══ INPUT MATERIAL ══
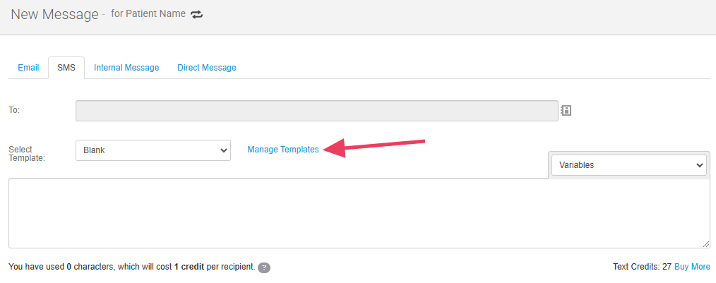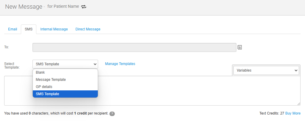 8. Now, when you go to Create -> Message -> SMS, you will be able to select this template from the dropdown:
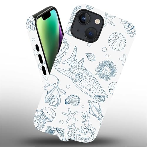 FKBRCL4U for iPhone 13/iPhone 14 Case, Hybrid 2-Layer Silicone Protective Matte Case for Girl Women Whale Shark Coral Reefs Seashell Starfish Pattern for iPhone 13/iPhone 14
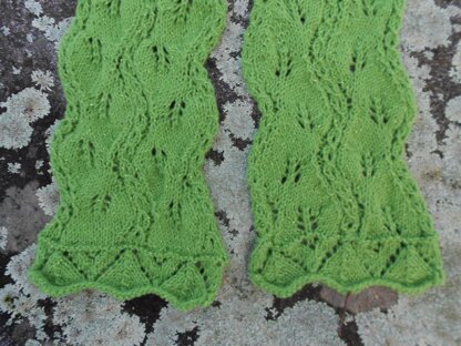 Twisted Leaves Lace Scarf is a cozy scarf that knits up quickly, with warm, worsted weight yarn. The scarf features a lovely border at both ends, a fascinating, yet easy, winding leaf pattern that works from side to side, and with a simple, mock cable entwined between the leaves to set it off. Because of the nature of the pattern, the edges will curve back in forth in an attractive wave. The pattern is worked from the bottom up, and then placed on hold near the end to add on the top edging which is then grafted on with the kitchener stitch. There are written as well as charted instructions for ease in knitting.
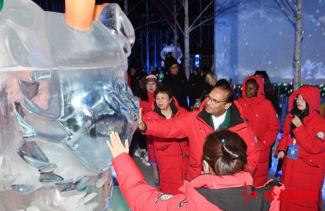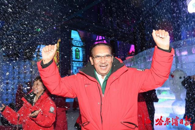 走進(jìn)冰雪大世界夢幻冰雪館,室內(nèi)外近40攝氏度的溫差,讓嘉賓們仿佛瞬間穿越到了冬季。不少嘉賓忍不住伸手觸摸冰雕雪雕,感受掌心傳來的透心涼。館內(nèi)的亞冬元素主題景觀、晶瑩剔透的海底王國、可愛的網(wǎng)紅大雪人、浪漫的冰封玫瑰、刺激的動感冰滑梯以及色彩斑斕的彩色冰雕等,讓嘉賓們沉醉其中,流連忘返。在中國生活了6年的中國外文局外籍專家德溫德爾·庫馬爾表示:“我的家鄉(xiāng)印度看不到冰雪,我工作的北京也沒有這么震撼的冰雕雪雕。我希望有機(jī)會在冬天來哈爾濱冰雪大世界,欣賞更加宏偉的冰建筑,也會把哈爾濱的美景、美食以及人們的熱情好客介紹給我在印度的朋友們。”
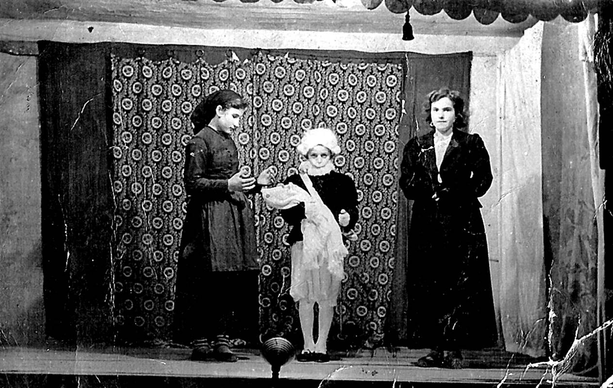 Antzerkia egiten: Lorenza Barinagarrementeria, Patxi Kaltzakorta Goikoetxe eta Miren Espilla.
═══
■ **WHAT TO PRODUCE**
Please transcribe exactly the lines from the start of the records through the line containing "Twisted Leaves Lace", leaving the pictures out.

■ **EXERCISE RESPONSE**
 8. Now, when you go to Create -> Message -> SMS, you will be able to select this template from the dropdown:
 FKBRCL4U for iPhone 13/iPhone 14 Case, Hybrid 2-Layer Silicone Protective Matte Case for Girl Women Whale Shark Coral Reefs Seashell Starfish Pattern for iPhone 13/iPhone 14
 Twisted Leaves Lace Scarf is a cozy scarf that knits up quickly, with warm, worsted weight yarn. The scarf features a lovely border at both ends, a fascinating, yet easy, winding leaf pattern that works from side to side, and with a simple, mock cable entwined between the leaves to set it off. Because of the nature of the pattern, the edges will curve back in forth in an attractive wave. The pattern is worked from the bottom up, and then placed on hold near the end to add on the top edging which is then grafted on with the kitchener stitch. There are written as well as charted instructions for ease in knitting.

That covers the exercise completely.